Segment Open

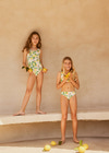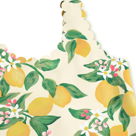 Noelle badedragten fra Molo i citrusprint er en skøn og farverig badedragt, der bringer sommerstemning frem. Den er designet med fine bølgede kanter, som giver et feminint og legende look. Materialet er en blanding af polyester og elastan, hvilket sikrer en behagelig og fleksibel pasform, så barnet kan bevæge sig frit og komfortabelt i vandet. Badedragten er hurtigtørrende og holder formen, selv efter mange ture i poolen eller på stranden. Perfekt til både svømmetræning og leg i solen.
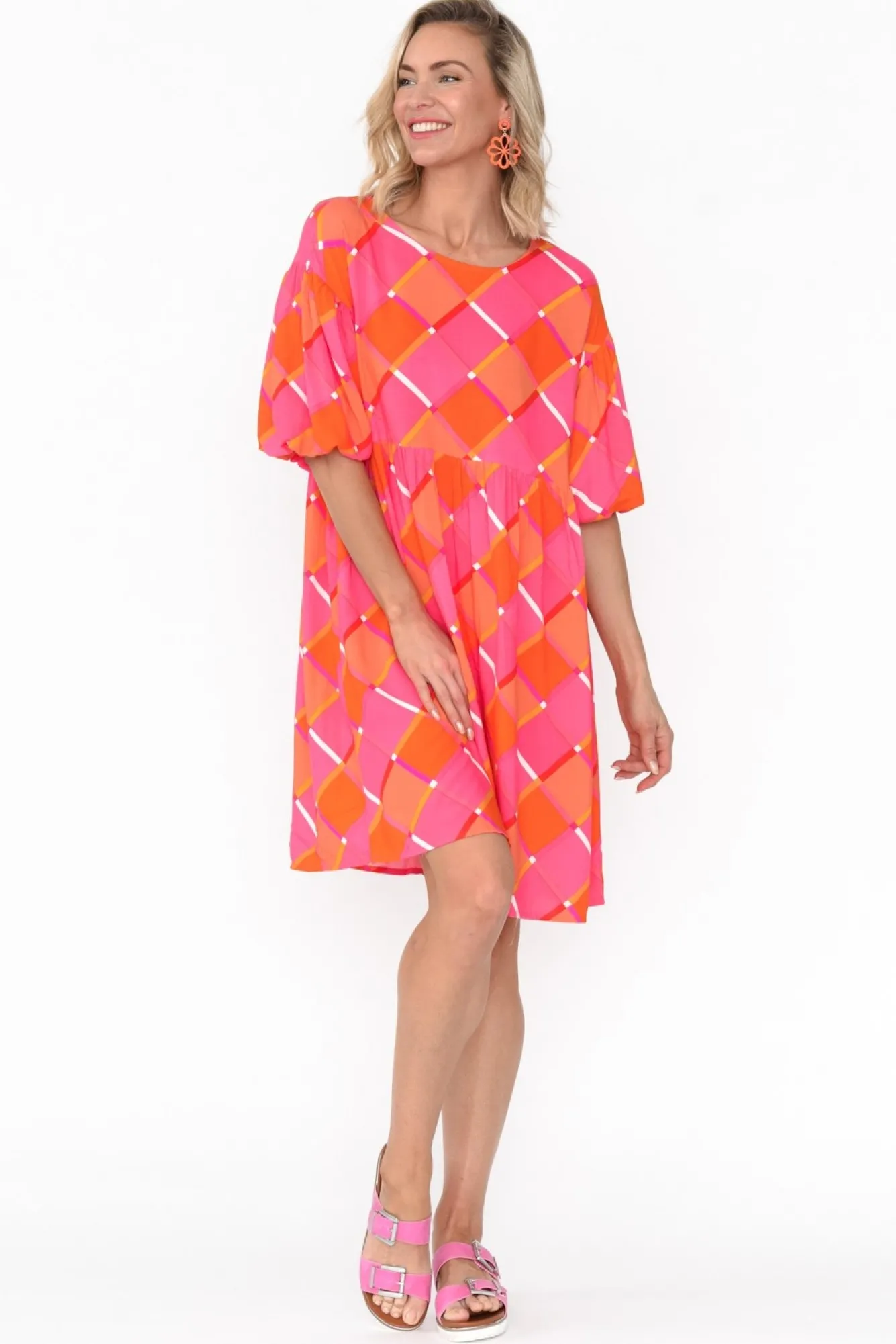 Above Knee Dresses<Label Of Love Kylo Pink Geometric Dress
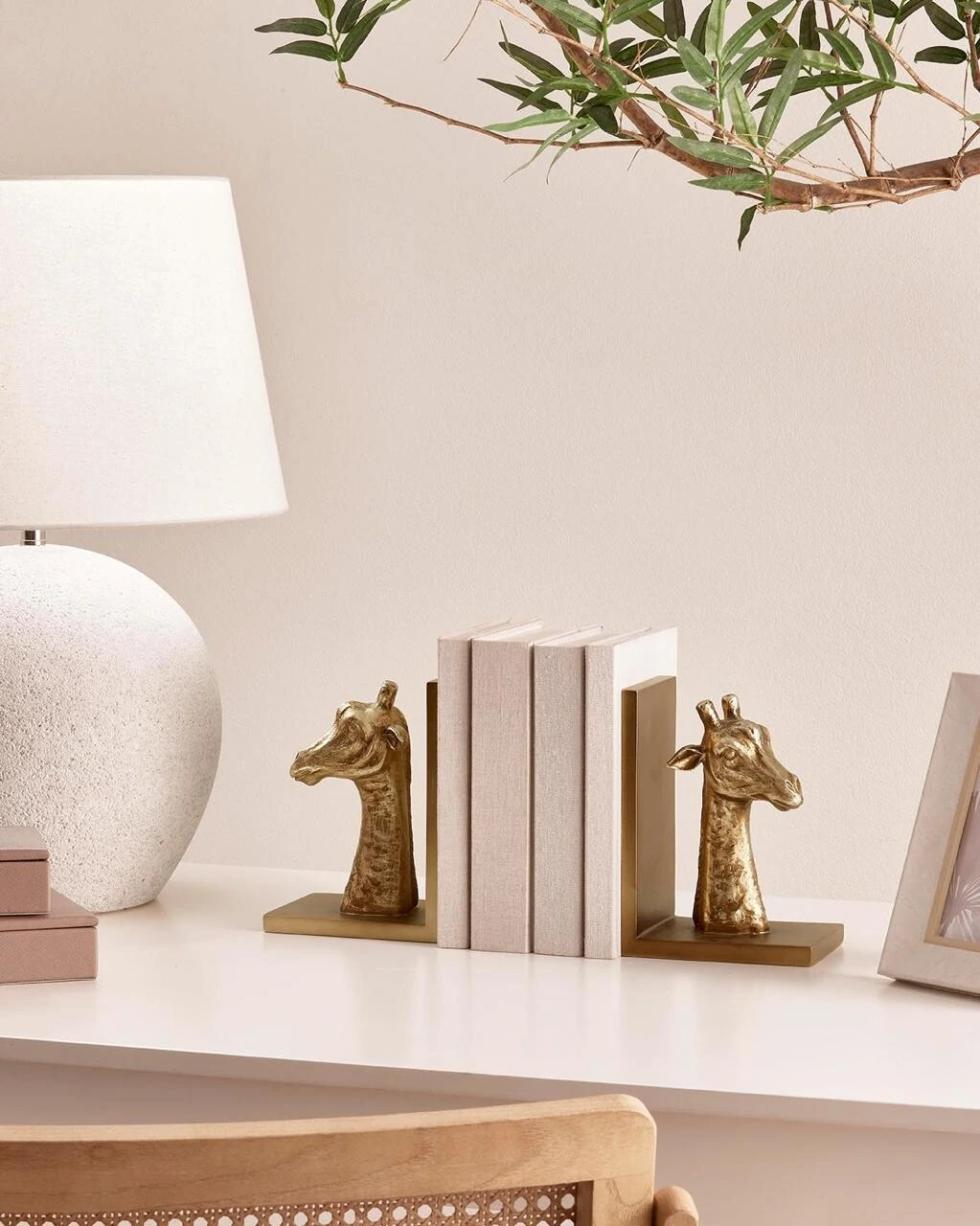 O Aparador de Livros Girafinhas Dourado é uma peça encantadora que une funcionalidade e charme. Com design delicado em formato de girafas e acabamento dourado, ele organiza seus livros com estilo e adiciona um toque lúdico e elegante à decoração. Ideal para quem deseja valorizar os detalhes e trazer leveza ao ambiente.

Segment Closed

TRY IT: From the line with "Above Knee Dresses<Label" to the last line of the material, both inclusive, set down every line exactly and nothing else; omit pictures.

ANSWER FOR THE TASK:
 Above Knee Dresses<Label Of Love Kylo Pink Geometric Dress
 O Aparador de Livros Girafinhas Dourado é uma peça encantadora que une funcionalidade e charme. Com design delicado em formato de girafas e acabamento dourado, ele organiza seus livros com estilo e adiciona um toque lúdico e elegante à decoração. Ideal para quem deseja valorizar os detalhes e trazer leveza ao ambiente.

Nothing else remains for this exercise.